Quantization interval	Quantized value
(range of magnitudes)	(absolute)
---------------------------------------
0-1			0
1-3			2
3-5			4
...
29-31			30
31-35			33
35-39			37
...
91-95			93
95-103			99
...

This canonical quantization table is defined in terms of absolute values, and
is therefore fully symmetric around zero.  A careful look at the above table
raises a question: which quantization interval (and thus which PCMU octet
output) should be selected if the input value to the encoder has a magnitude
exactly equal to one of the threshold points, or decision values as they are
officially called?  In other words, what should the encoder do if the magnitude
of the 14-bit input value equals 1, 3, 5, ..., 31, 35, 39 etc?  The answer to
this question is where the 3 candidate mappings under our consideration differ:

* The "compress" function of G.726 operating in mu-law mode selects the higher
  (in absolute value) quantization interval at every decision value threshold,
  on both sides of zero: see Table 15/G.726.  PCMU octet 0x7F (meaning -0) will
  never be emitted by this version, and an input sequence of -3, -2, -1, 0, 1,
  2, 3 will map to quantized values -4, -2, -2, 0, 2, 2, 4.

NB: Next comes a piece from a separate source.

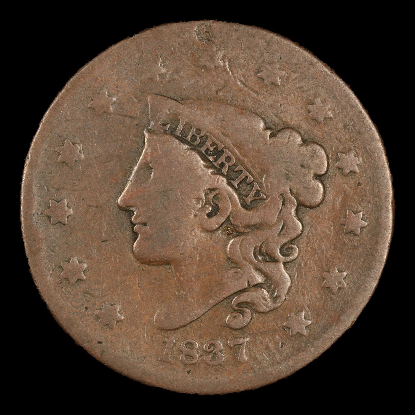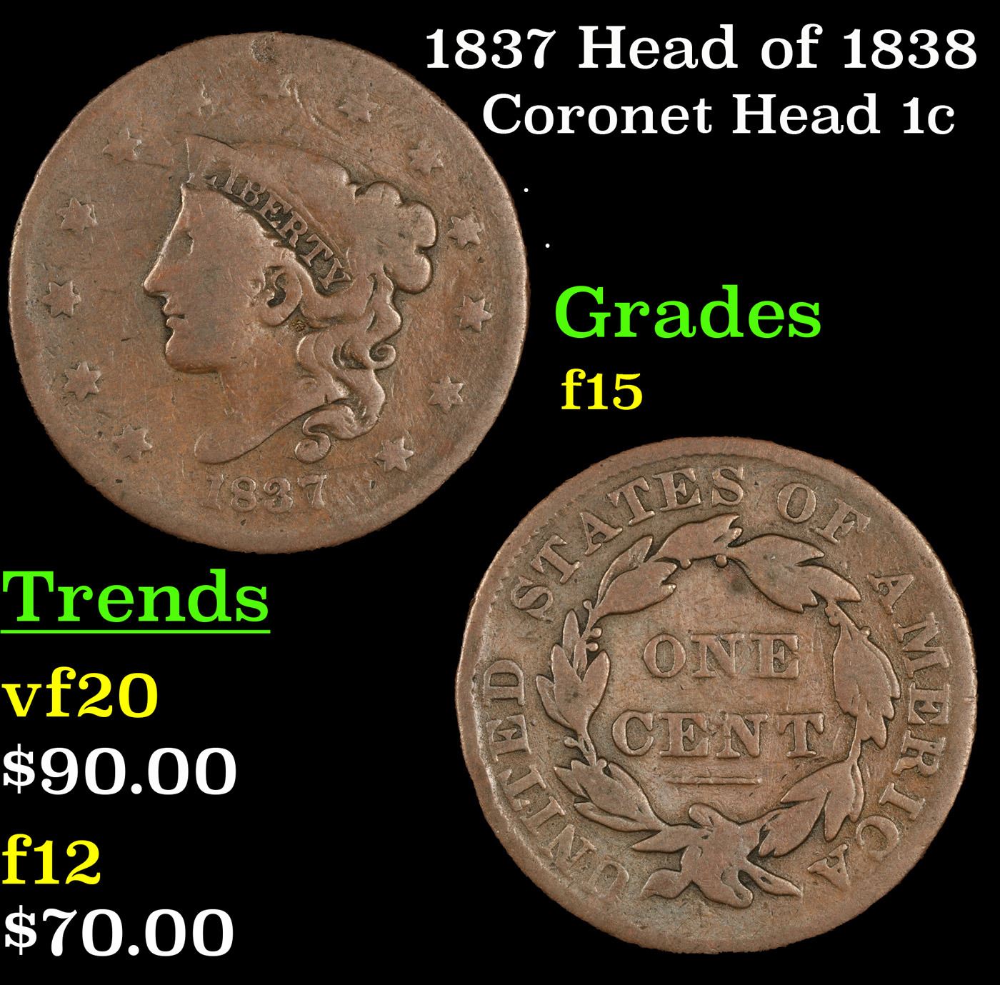 1837 Head of 1838 Coronet Head Large Cent 1c Grades f+.

* The ulaw_compress() function in G.191 STL behaves like the G.726 version for
  positive values, but selects the smaller-absolute-value quantization interval
  for negative inputs.  Given the same input sequence as above, the output will
  correspond to quantized values -2, -2, -0, 0, 2, 2, 4.  (Quantized value -0
  is PCMU octet 0x7F.)

* The s2u[] table in toast_ulaw.c in libgsm source is flat-out wrong and should
  not be used or considered further (and because those authors did not include
  the source for whatever program they used to generate their broken s2u[] and
  u2s[] tables, we have no way to really analyze them), but one CAN construct a
  new table for the same function, using the upper 13 bits of 16-bit 2's
  complement input to generate PCMU output - see our dev/s2u-regen.c program
  and its output table in dev/s2u-regen.out.  The resulting mapping is
  "mirrored" around zero compared to G.191 STL ulaw_compress(): for the same
  input sequence as in the previous two examples, the output will correspond to
  quantized values -4, -2, -2, 0, 0, 2, 2.  Just like the G.726 version, this
  look-up table version will never emit PCMU octet 0x7F for -0.

It is important to note that all GSM speech decoders produce 2's complement
outputs that are only 13 bits wide, not 14 - therefore, when the input to the
G.711 encoder comes from the output of a GSM speech decoder, the difference
between all 3 alternatives listed above is masked, with all 3 producing
identical output.

For production software, our (Themyscira) recommendation is to use look-up
tables (dev/s2a-regen.out and dev/s2u-regen.out) for both A-law and mu-law
encoding, using the upper 12 bits from 16-bit 2's complement input for A-law
encoding and the upper 13 bits for mu-law encoding.